Sonnet did neither particularly well — it identified gaps but didn't enumerate exhaustively or reason through consequences deeply.
## Task taxonomy update
**Convention/specification gap analysis** is a new task type with distinct model performance:
- **GPT-5**: Best for exhaustive coverage — will find the acronym rules, the tag naming, the entity key encoding that others miss
- **Opus**: Best for consequence reasoning — will trace gaps to architectural or operational failures
- **Sonnet**: Adequate for quick sanity check; not recommended for thorough analysis
This pattern is consistent with previous findings: GPT-5's reasoning enables systematic enumeration; Opus finds tensions the document can't see about itself; Sonnet lacks depth for analytical work.
## Unique GPT-5 insight worth highlighting
The telemetry verb contradiction (rule says past-tense, example shows `stale`) is a genuine internal inconsistency the document contains. This is different from "gap" or "ambiguity" — it's a self-contradiction where following the rule would produce `became_stale` but the example shows `stale`. GPT-5 caught this; neither Claude model did.

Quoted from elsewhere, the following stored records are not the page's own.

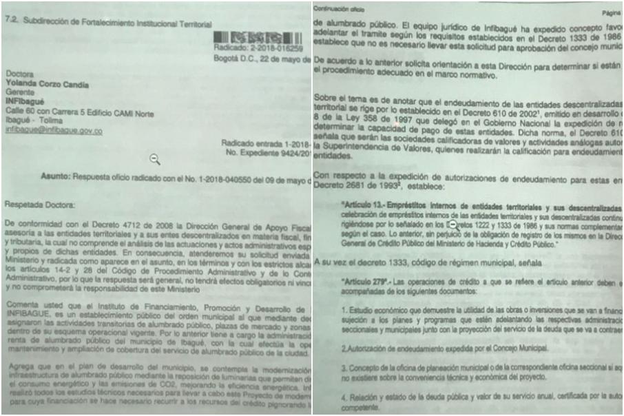 Carlos Castro indicó que efectivamente el documento que tiene como soporte INFIbagué cuenta con el aval del Ministerio de Hacienda para que se actúe sin necesidad de que el proyecto pase por el Concejo Municipal, sin embargo, al parecer dicho concepto está basado en un interrogante mal planteado por el Instituto.
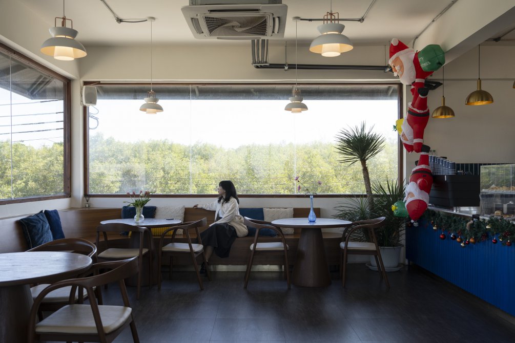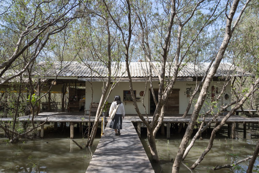 ที่นี่เสิร์ฟทั้งเครื่องดื่ม กาแฟ และเมนูอาหารทะเลสไตล์ไทย บรรยากาศอบอุ่นเป็นกันเอง มีทั้งส่วนของร้านอาหารที่ชั้น 1 โซนคาเฟ่ที่ชั้น 2 และส่วนของดาดฟ้าให้ขึ้นไปชมป่าโกงกางสวย ๆ
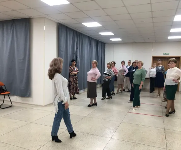 С такого призыва начала сегодня занятие по дефиле Татьяна Ремизовская для слушателей 10 группы Студии стиля «Элегантный возраст» в Советском районе.
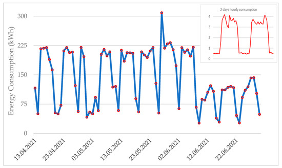 Daily energy consumption of the swimming pool complex. The consumption is measured every 15 min, every single point in the figure represents the sum of 96 measurements. In the zoomed area, hourly consumption for two days is shown, every four measurements are added to form the consumption of each hour in the day.
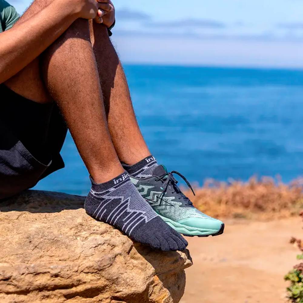 Los calcetines Injinji Ultra Run No-Show Wool están diseñados para ofrecer comodidad, rendimiento y durabilidad en cualquier clima durante tus carreras. Este calcetín técnico con acolchado de rizo, combina las ventajas de la lana merino certificada por el Responsible Wool Standard (RWS), brindando una suavidad superior, excelente resistencia a los olores y regulación térmica. Además, la tecnología de cinco dedos previene las ampollas y permite que los dedos se abran de forma natural. Su altura No-Show queda por debajo del tobillo, y tiene una lengüeta en el talón que evita rozaduras y deslizamientos.
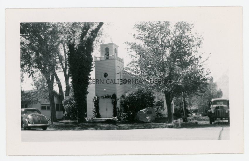 Photo of the Pioneer Memorial Methodist Church in Independence circa the 1930s. There are two vehicles parked beside it and a large stone with a plaque near the corner of the intersecting streets.
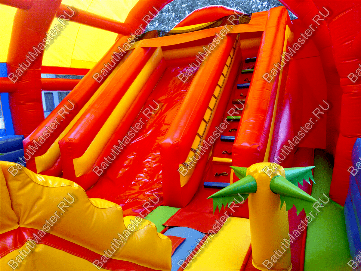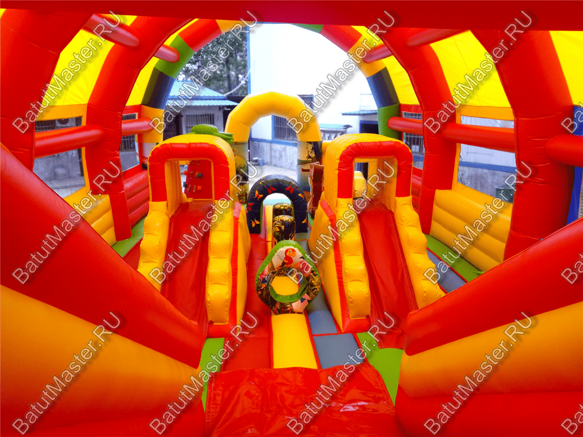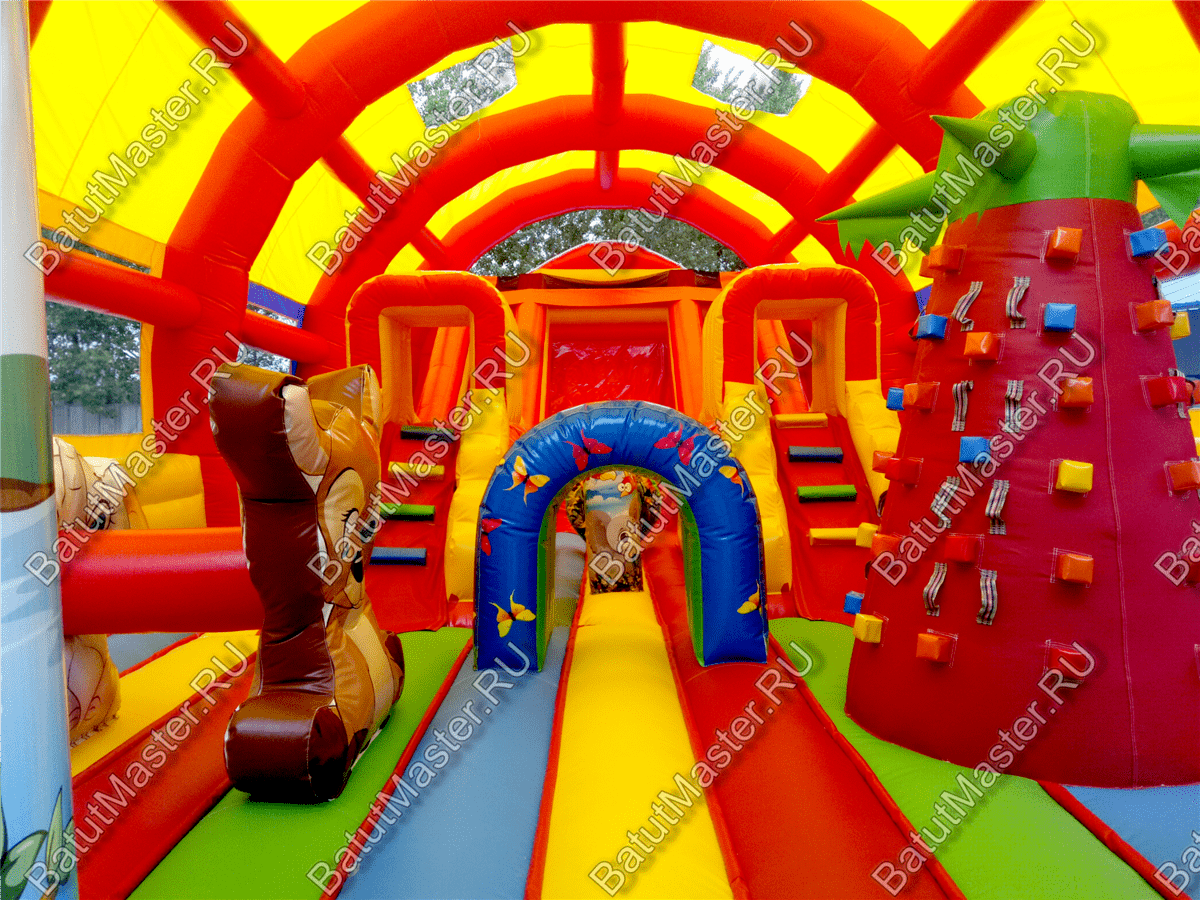 Внутри есть полно развлечений, которые поднимут ребёнку настроение на весь день. Например, они могут просто попрыгать на надувном батуте или же побегать, ведь именно для этого предназначаются батуты. Места внутри предостаточно, и ребята не будут чувствовать тесноты. Также они могут прокатиться с большой горки, что возвышается прямо по центру. Забраться на неё достаточно просто: нужно ухватиться за специальные петли и по надувным ступенькам ползти вверх. А дальше их ожидает весёлый и захватывающий спуск вниз по горке.
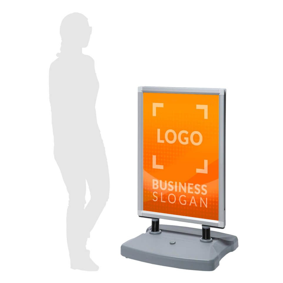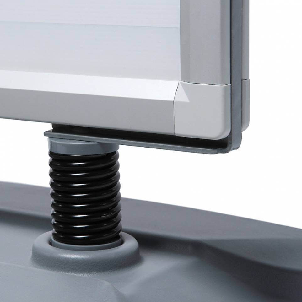 A2. Stabilité conçue pour l’extérieur : La base à remplir d’eau ou de sable et le cadre monté sur ressorts limitent les effets du vent, ce qui réduit les risques de chute et protège vos affiches lors d’un usage intensif en extérieur.
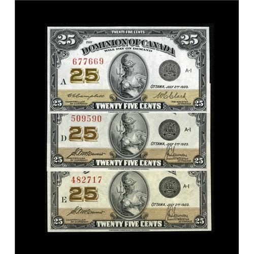 <B>DC-24c 25¢ 1923. Two Examples. AU.</B></I><BR><B>DC-24d 25¢ 1923 AU.</B></I><BR>Each of these notes have a center fold.<BR><I>From The Halton Lake Collection</B></I>
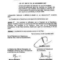 - Loi N° 2007-31 du 28 novembre 2007 portant autorisation de ratification de l’accord modifiant l’accord de partenariat entre les membres du groupe des Etats d’Afrique, des Caraïbes et du Pacifique, d’une part et la communauté européenne et ses Etats membres d’autre part, signé le 25 juin 2005 au Luxembourg

## Unique Opus insight worth highlighting
The PubSub topic collision finding traced through *why* the current rules break: `"market_data:AAPL"` (per-entity) is pattern-indistinguishable from `"market_data:42:status"` (per-user) for a subscriber matching `"market_data:" <> _`. This shows the gap doesn't just allow inconsistency — it allows *silent routing failures*. Opus consistently elevates gaps to their operational consequences.
## Practical implications
For convention/specification review:
- Run GPT-5 for exhaustive coverage (will catch encoding rules, acronyms, pluralization — the details)
- Run Opus to identify which gaps have architectural consequences (routing failures, compiler issues)
- Sonnet is not recommended for this task type
The ideal workflow: GPT-5 first for comprehensive gap list, then Opus to prioritize which gaps matter. This is the same pattern as state machine analysis (Finding #58) and assumption-finding (Finding #10-12).
## Meta-observation: Document type affects model performance less than expected
This is the first experiment on a *prescriptive rules* document rather than an *architecture* document. The model performance ranking (GPT-5 > Opus > Sonnet) held. The task skills (enumeration for GPT-5, consequence reasoning for Opus) also held. This suggests the analytical framework from previous findings generalizes beyond architecture docs.
## Raw data
Full model outputs preserved in `/tmp/gpt5-conventions.json`, `/tmp/opus-conventions.json`, `/tmp/sonnet-conventions.json`.